Predicting Student Admissions with Neural Networks

By enumclass

2021. 8. 1. 18:00

1. 입학 가능성 예측

1.1. csv 파일 로딩

1.2. matplotlib를 이용한 그래프 표현

1.3. Panda를 이용한 One Hot Encoding

1.4. Data 전처리 및 Scaling 변화

1.5. Training Data 및 Test 데이터 분리

1.6. featuers(X)와 결과값(y)의 분리

1.7. 2 layers Network 개발

1.8. Backpropatation

1.9. 정확도 확인

1. 입학 가능성 예측

https://github.com/udacity/deep-learning-v2-pytorch/tree/master/intro-neural-networks/student-admissions

여기 있는 코드를 분석하는 내용이다.

여기서 배울 수 있는 것은

csv 파일 로딩
matplotlib를 이용한 그래프 표현
Panda를 이용한 One Hot Coding
Data 전처리 및 Scaling 변화
전처리 Data 및 Test 데이터 분리
featuers(X)와 결과값(y)의 분리
2 layers Network 개발
Backpropatation
정확도 확인

이다.

개인적으로 해당 코드를 보면서 분석한 내용을 붙여 넣는다.

1.1. csv 파일 로딩

import pandas as pd
import numpy as np

# Reading the csv file into a pandas DataFrame
data = pd.read_csv('student_data.csv')

# Printing out the first 10 rows of our data
data[:10]python

csv파일에서 아래와 같은 형상의 데이터를 갖어온다.

admit는 1은 통과 0은 불합격이다.

gre시험 점수, gpa는 학점점수, rank는 Class 수준(1~4)을 분리했다.
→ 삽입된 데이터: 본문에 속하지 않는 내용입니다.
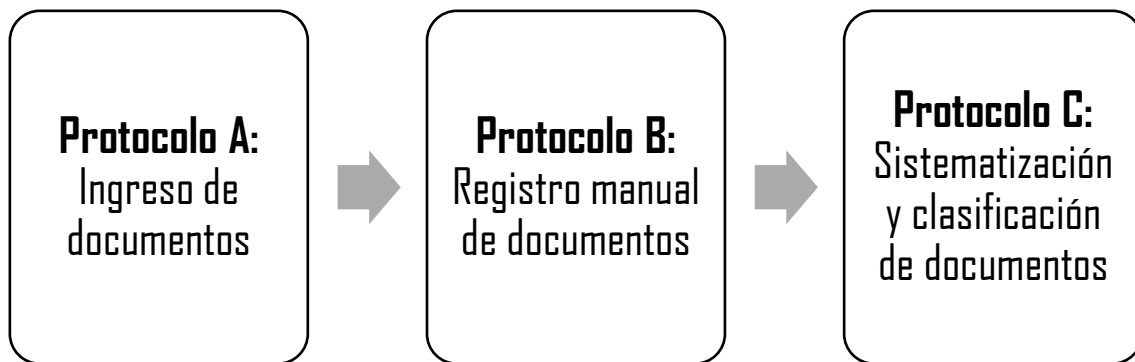
Figura 2. Protocolos de recepción documental

A continuación, presento un diagrama de procedimientos que muestra el funcionamiento de las etapas del procesamiento documental, así como el desarrollo de los protocolos que se siguen para lograr el correcto procesamiento de los documentos.

1.2. matplotlib를 이용한 그래프 표현

# Importing matplotlib
import matplotlib.pyplot as plt

# Function to help us plot
def plot_points(data):
    X = np.array(data[["gre","gpa"]])
    y = np.array(data["admit"])
    admitted = X[np.argwhere(y==1)]
    rejected = X[np.argwhere(y==0)]
    plt.scatter([s[0][0] for s in rejected], [s[0][1] for s in rejected], s = 25, color = 'red', edgecolor = 'k')
    plt.scatter([s[0][0] for s in admitted], [s[0][1] for s in admitted], s = 25, color = 'cyan', edgecolor = 'k')
    plt.xlabel('Test (GRE)')
    plt.ylabel('Grades (GPA)')
    
# Plotting the points
plot_points(data)
plt.show()python

위에서 불러온 데이터를 이용해서,

X는 입력값, Y는 결과값(admit)으로 Array를 나누었다.

이중에 Y가 1인 합격자 Array 입력값과 0인 불합격 Array 입력값을 분리해서,

$x_1$ 은 gre축 $x_2$ 는 gpa 축으로 분리한 그래프에 합격은 cyan 불합격은 red로 해서 그래프를 그린다.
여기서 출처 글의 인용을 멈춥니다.